▶ _Input for this task_
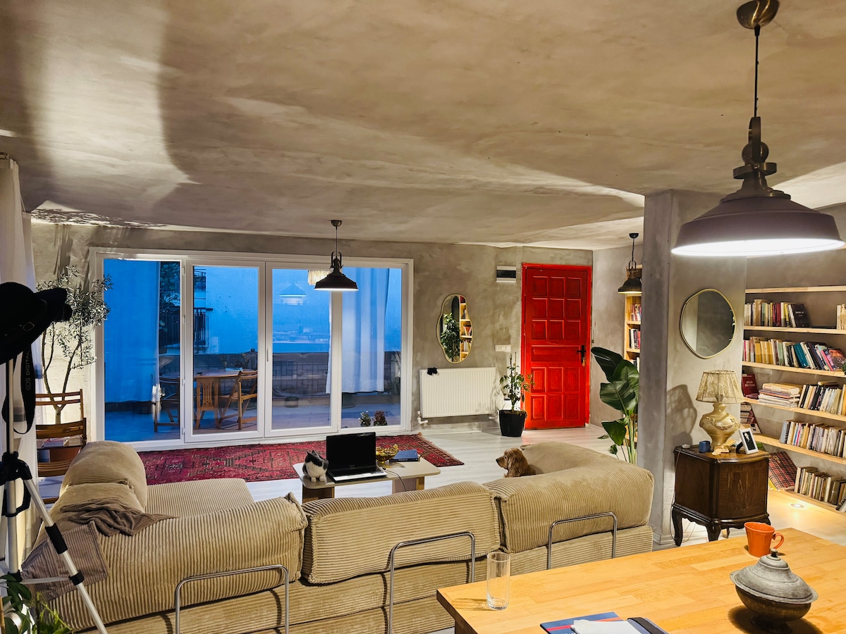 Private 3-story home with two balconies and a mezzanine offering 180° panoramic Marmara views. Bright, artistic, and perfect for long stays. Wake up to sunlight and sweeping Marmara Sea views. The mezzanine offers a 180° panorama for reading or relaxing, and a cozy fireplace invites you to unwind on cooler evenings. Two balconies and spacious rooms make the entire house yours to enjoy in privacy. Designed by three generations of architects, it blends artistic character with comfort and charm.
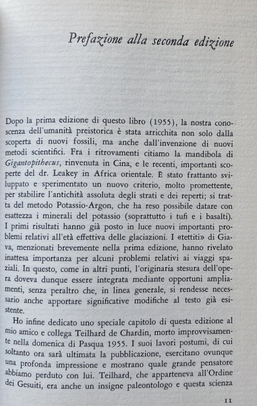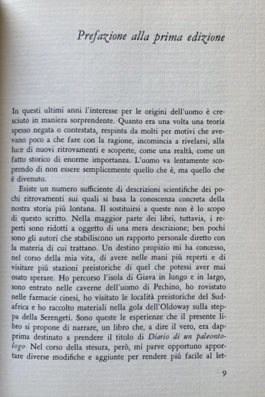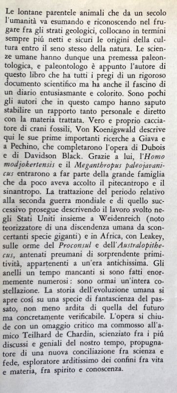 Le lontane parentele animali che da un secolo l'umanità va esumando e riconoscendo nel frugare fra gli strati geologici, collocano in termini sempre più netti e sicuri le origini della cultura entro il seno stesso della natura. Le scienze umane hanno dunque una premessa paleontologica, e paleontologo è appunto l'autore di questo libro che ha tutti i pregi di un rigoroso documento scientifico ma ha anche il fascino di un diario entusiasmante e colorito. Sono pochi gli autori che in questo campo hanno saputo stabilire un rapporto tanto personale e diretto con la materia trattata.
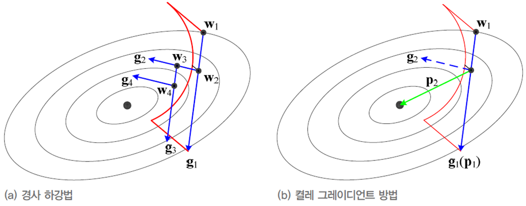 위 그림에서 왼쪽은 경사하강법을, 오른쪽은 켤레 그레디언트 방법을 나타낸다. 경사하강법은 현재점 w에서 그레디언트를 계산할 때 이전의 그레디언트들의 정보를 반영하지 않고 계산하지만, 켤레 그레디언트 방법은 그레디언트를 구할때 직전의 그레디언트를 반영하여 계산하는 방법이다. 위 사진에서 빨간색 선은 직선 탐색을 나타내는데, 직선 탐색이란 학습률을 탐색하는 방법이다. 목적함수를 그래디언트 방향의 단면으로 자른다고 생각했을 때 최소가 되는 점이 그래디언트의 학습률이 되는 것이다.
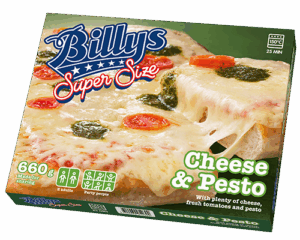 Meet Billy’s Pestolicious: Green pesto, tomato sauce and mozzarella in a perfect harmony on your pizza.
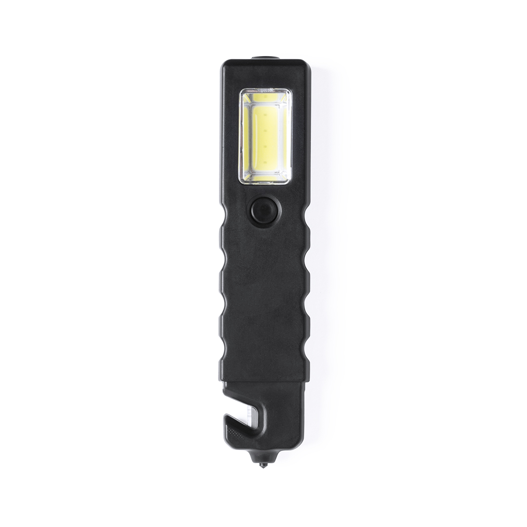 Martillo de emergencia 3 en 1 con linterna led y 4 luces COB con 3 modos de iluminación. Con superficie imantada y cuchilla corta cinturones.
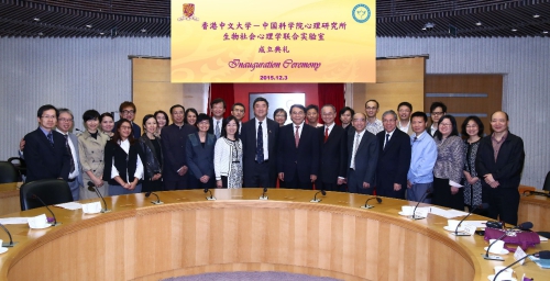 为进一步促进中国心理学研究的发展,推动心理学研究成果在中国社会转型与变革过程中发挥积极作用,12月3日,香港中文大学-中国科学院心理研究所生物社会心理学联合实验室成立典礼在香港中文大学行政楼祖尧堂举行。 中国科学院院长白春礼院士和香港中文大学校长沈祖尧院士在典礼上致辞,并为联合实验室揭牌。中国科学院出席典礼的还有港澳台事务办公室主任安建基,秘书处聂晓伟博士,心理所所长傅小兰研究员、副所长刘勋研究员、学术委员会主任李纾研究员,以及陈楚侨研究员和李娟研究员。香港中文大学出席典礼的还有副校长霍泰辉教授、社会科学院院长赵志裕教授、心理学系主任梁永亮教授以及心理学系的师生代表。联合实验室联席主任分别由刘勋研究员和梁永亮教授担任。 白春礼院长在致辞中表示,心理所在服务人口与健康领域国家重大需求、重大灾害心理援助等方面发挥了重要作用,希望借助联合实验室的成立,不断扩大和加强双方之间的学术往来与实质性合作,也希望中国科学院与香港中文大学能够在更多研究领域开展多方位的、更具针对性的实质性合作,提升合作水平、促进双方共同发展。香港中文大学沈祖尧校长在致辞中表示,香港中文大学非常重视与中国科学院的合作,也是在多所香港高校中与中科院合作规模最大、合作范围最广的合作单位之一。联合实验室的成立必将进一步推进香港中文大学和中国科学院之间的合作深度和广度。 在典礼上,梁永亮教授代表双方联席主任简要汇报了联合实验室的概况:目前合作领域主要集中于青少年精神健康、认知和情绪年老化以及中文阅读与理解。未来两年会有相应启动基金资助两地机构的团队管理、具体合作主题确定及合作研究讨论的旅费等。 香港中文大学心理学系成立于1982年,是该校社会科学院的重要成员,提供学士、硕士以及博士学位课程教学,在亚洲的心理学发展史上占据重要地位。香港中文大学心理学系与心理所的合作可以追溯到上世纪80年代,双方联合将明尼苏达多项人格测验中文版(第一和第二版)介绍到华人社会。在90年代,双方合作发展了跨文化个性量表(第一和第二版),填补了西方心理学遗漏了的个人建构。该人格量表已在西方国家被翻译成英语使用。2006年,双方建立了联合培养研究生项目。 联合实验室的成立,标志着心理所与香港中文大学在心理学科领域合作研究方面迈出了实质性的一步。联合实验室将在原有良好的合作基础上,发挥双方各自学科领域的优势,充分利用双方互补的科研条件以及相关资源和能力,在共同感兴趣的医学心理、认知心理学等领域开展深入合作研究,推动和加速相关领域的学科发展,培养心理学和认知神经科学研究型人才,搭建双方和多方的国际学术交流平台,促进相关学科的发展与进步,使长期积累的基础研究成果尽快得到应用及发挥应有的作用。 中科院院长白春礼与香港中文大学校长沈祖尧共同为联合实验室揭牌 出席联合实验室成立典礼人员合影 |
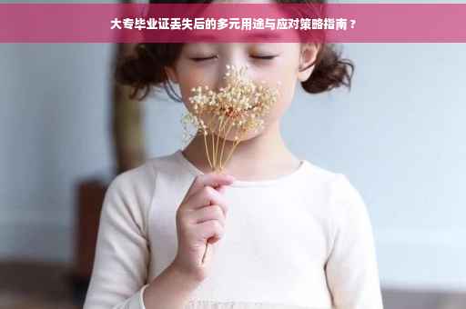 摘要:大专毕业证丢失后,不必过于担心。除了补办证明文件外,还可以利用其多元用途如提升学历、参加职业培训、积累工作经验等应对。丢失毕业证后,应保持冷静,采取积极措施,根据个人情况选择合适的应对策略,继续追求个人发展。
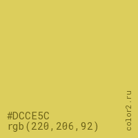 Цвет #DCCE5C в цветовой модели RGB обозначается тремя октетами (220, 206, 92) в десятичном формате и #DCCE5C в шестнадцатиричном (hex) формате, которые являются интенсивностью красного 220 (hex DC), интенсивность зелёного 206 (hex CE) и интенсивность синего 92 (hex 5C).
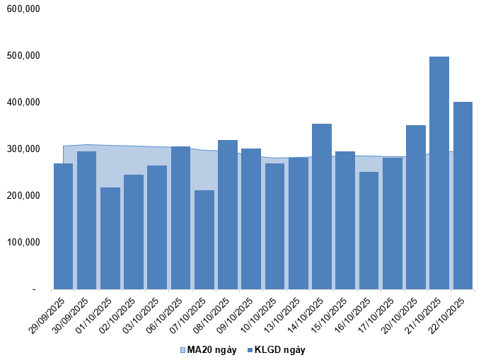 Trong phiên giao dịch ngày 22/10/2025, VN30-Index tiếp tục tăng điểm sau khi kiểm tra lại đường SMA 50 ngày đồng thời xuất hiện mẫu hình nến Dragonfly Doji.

▶ _Your assignment_
What is needed is an exact transcription of every entry, minus the pictures.

▶ _Response to this exercise_
 Private 3-story home with two balconies and a mezzanine offering 180° panoramic Marmara views. Bright, artistic, and perfect for long stays. Wake up to sunlight and sweeping Marmara Sea views. The mezzanine offers a 180° panorama for reading or relaxing, and a cozy fireplace invites you to unwind on cooler evenings. Two balconies and spacious rooms make the entire house yours to enjoy in privacy. Designed by three generations of architects, it blends artistic character with comfort and charm.
 Le lontane parentele animali che da un secolo l'umanità va esumando e riconoscendo nel frugare fra gli strati geologici, collocano in termini sempre più netti e sicuri le origini della cultura entro il seno stesso della natura. Le scienze umane hanno dunque una premessa paleontologica, e paleontologo è appunto l'autore di questo libro che ha tutti i pregi di un rigoroso documento scientifico ma ha anche il fascino di un diario entusiasmante e colorito. Sono pochi gli autori che in questo campo hanno saputo stabilire un rapporto tanto personale e diretto con la materia trattata.
 위 그림에서 왼쪽은 경사하강법을, 오른쪽은 켤레 그레디언트 방법을 나타낸다. 경사하강법은 현재점 w에서 그레디언트를 계산할 때 이전의 그레디언트들의 정보를 반영하지 않고 계산하지만, 켤레 그레디언트 방법은 그레디언트를 구할때 직전의 그레디언트를 반영하여 계산하는 방법이다. 위 사진에서 빨간색 선은 직선 탐색을 나타내는데, 직선 탐색이란 학습률을 탐색하는 방법이다. 목적함수를 그래디언트 방향의 단면으로 자른다고 생각했을 때 최소가 되는 점이 그래디언트의 학습률이 되는 것이다.
 Meet Billy’s Pestolicious: Green pesto, tomato sauce and mozzarella in a perfect harmony on your pizza.
 Martillo de emergencia 3 en 1 con linterna led y 4 luces COB con 3 modos de iluminación. Con superficie imantada y cuchilla corta cinturones.
 为进一步促进中国心理学研究的发展,推动心理学研究成果在中国社会转型与变革过程中发挥积极作用,12月3日,香港中文大学-中国科学院心理研究所生物社会心理学联合实验室成立典礼在香港中文大学行政楼祖尧堂举行。 中国科学院院长白春礼院士和香港中文大学校长沈祖尧院士在典礼上致辞,并为联合实验室揭牌。中国科学院出席典礼的还有港澳台事务办公室主任安建基,秘书处聂晓伟博士,心理所所长傅小兰研究员、副所长刘勋研究员、学术委员会主任李纾研究员,以及陈楚侨研究员和李娟研究员。香港中文大学出席典礼的还有副校长霍泰辉教授、社会科学院院长赵志裕教授、心理学系主任梁永亮教授以及心理学系的师生代表。联合实验室联席主任分别由刘勋研究员和梁永亮教授担任。 白春礼院长在致辞中表示,心理所在服务人口与健康领域国家重大需求、重大灾害心理援助等方面发挥了重要作用,希望借助联合实验室的成立,不断扩大和加强双方之间的学术往来与实质性合作,也希望中国科学院与香港中文大学能够在更多研究领域开展多方位的、更具针对性的实质性合作,提升合作水平、促进双方共同发展。香港中文大学沈祖尧校长在致辞中表示,香港中文大学非常重视与中国科学院的合作,也是在多所香港高校中与中科院合作规模最大、合作范围最广的合作单位之一。联合实验室的成立必将进一步推进香港中文大学和中国科学院之间的合作深度和广度。 在典礼上,梁永亮教授代表双方联席主任简要汇报了联合实验室的概况:目前合作领域主要集中于青少年精神健康、认知和情绪年老化以及中文阅读与理解。未来两年会有相应启动基金资助两地机构的团队管理、具体合作主题确定及合作研究讨论的旅费等。 香港中文大学心理学系成立于1982年,是该校社会科学院的重要成员,提供学士、硕士以及博士学位课程教学,在亚洲的心理学发展史上占据重要地位。香港中文大学心理学系与心理所的合作可以追溯到上世纪80年代,双方联合将明尼苏达多项人格测验中文版(第一和第二版)介绍到华人社会。在90年代,双方合作发展了跨文化个性量表(第一和第二版),填补了西方心理学遗漏了的个人建构。该人格量表已在西方国家被翻译成英语使用。2006年,双方建立了联合培养研究生项目。 联合实验室的成立,标志着心理所与香港中文大学在心理学科领域合作研究方面迈出了实质性的一步。联合实验室将在原有良好的合作基础上,发挥双方各自学科领域的优势,充分利用双方互补的科研条件以及相关资源和能力,在共同感兴趣的医学心理、认知心理学等领域开展深入合作研究,推动和加速相关领域的学科发展,培养心理学和认知神经科学研究型人才,搭建双方和多方的国际学术交流平台,促进相关学科的发展与进步,使长期积累的基础研究成果尽快得到应用及发挥应有的作用。 中科院院长白春礼与香港中文大学校长沈祖尧共同为联合实验室揭牌 出席联合实验室成立典礼人员合影 |
 摘要:大专毕业证丢失后,不必过于担心。除了补办证明文件外,还可以利用其多元用途如提升学历、参加职业培训、积累工作经验等应对。丢失毕业证后,应保持冷静,采取积极措施,根据个人情况选择合适的应对策略,继续追求个人发展。
 Цвет #DCCE5C в цветовой модели RGB обозначается тремя октетами (220, 206, 92) в десятичном формате и #DCCE5C в шестнадцатиричном (hex) формате, которые являются интенсивностью красного 220 (hex DC), интенсивность зелёного 206 (hex CE) и интенсивность синего 92 (hex 5C).
 Trong phiên giao dịch ngày 22/10/2025, VN30-Index tiếp tục tăng điểm sau khi kiểm tra lại đường SMA 50 ngày đồng thời xuất hiện mẫu hình nến Dragonfly Doji.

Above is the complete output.